In order to detect implanted cells via MR imaging, they must be labeled with a contrast agent. Most labeling studies have been conducted using superparamagnetic iron oxide particles (SPIO) or ultrasmall SPIOs (USPIO), which function by creating local field inhomogeneities that cause decreased signal on T2- and T2*-weighted images [7]. Iron oxide-based contrast agents show high MR sensitivity and good biocompatibility [8]. Cell labeling can be achieved by simple incubation with contrast agents [911]. Enhanced uptake can be achieved by linking SPIOs to HIV Tat peptides [12] or by using poly-l-lysine (PLL) [10], lipofectamine [10] or dendrimers [13]. While cellular uptake using these agents is greatly increased, these agents are unfortunately not approved by health authorities.

Protamine is a low molecular weight polycationic peptide that is approved as an antidote for heparin anticoagulation [14]. It is also used as a transfection agent for DNA [15] and oligonucleotides [16]. Arbab et al. have shown that protamine can aid in the uptake of ferumoxides for the application of cell labeling [17]. Ferucarbotran (Resovist) is a SPIO with a carboxydextran coating, a net negative charge and a hydrodynamic diameter slightly smaller than ferumoxides. It is currently in clinical use in Europe for MR examination of focal liver lesions and possesses advantages compared with other iron-based contrast agents, such as its ability to be administered in a bolus.
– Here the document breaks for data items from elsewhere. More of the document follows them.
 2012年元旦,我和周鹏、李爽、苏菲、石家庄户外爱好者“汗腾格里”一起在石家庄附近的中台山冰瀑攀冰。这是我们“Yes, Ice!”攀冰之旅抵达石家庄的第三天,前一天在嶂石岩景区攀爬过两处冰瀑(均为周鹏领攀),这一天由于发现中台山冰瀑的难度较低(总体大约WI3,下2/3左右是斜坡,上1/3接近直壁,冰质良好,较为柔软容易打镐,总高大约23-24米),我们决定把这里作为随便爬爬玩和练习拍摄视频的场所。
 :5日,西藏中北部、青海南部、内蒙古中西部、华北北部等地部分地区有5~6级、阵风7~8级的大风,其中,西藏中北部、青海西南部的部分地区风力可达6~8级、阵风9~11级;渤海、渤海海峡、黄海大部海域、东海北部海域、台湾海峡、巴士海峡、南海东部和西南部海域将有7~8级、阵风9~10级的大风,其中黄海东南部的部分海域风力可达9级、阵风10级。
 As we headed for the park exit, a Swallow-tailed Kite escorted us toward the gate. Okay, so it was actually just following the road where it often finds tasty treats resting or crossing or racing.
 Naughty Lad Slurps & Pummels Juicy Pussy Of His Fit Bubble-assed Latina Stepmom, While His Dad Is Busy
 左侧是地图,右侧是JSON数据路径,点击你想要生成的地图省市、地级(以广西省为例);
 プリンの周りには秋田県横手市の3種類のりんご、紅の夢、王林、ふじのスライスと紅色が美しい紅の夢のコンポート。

It has been shown that the cellular uptake in monocytes of ferucarbotran is greater and its induction of apoptosis is lower when compared with ferumoxides [18]. Thus, it seems that the combination of protamine and ferucarbotran is promising in order to develop a clinically applicable, fast and efficient method for stem cell labeling for subsequent depiction with MRI.

Materials and methods

Contrast agent

Ferucarbotran (Resovist, Bayer Schering Pharma AG, Berlin, Germany) are SPIO particles that are coated with carboxydextran [19]. It has been approved for the MR characterization of focal liver lesions in Europe since 2001. The contrast agent has an r1 relaxivity of 8.7 (8.2–9.2) mM−1s−1, r2 relaxivity of 61 (54–68) mM−1s−1 (at 37°C and 1.5 T in water) and an overall hydrodynamic diameter of 62 nm [19, 20]. The carboxydextran coating ensures optimal dispersion of the nanoparticles within aqueous solutions and bestows upon the complex a net negative charge. Contrast agent was provided as a 1.4-ml ready-to-inject syringe of 0.5 M iron.
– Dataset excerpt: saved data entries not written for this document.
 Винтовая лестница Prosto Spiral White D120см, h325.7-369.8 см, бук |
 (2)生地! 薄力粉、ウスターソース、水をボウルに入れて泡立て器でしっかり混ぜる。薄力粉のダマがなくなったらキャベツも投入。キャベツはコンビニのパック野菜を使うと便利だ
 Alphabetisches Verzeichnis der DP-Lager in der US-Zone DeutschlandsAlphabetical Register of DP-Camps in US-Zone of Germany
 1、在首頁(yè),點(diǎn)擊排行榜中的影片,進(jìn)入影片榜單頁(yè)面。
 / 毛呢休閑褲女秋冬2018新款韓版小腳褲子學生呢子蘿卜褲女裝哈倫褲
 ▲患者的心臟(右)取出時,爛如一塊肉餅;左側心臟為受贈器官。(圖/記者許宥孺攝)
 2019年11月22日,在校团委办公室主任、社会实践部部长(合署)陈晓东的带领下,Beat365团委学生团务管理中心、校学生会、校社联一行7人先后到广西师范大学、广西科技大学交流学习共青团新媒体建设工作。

Protamine is a group of small (molecular weight 4000–4250) cationic peptides with a high arginine content [14]. It occurs naturally in sperm where it assists in forming a compact structure by binding DNA. Clinically, it is used as an antidote to heparin–induced anticoagulation and as a complexing agent where it prolongs the duration of action of insulin (in the form of NPH insulin). Protamine sulphate stock solution of 50 mg in 5 ml saline solution (0.9%) was obtained (American Pharmaceutical Partners Inc., Schaumberg, IL).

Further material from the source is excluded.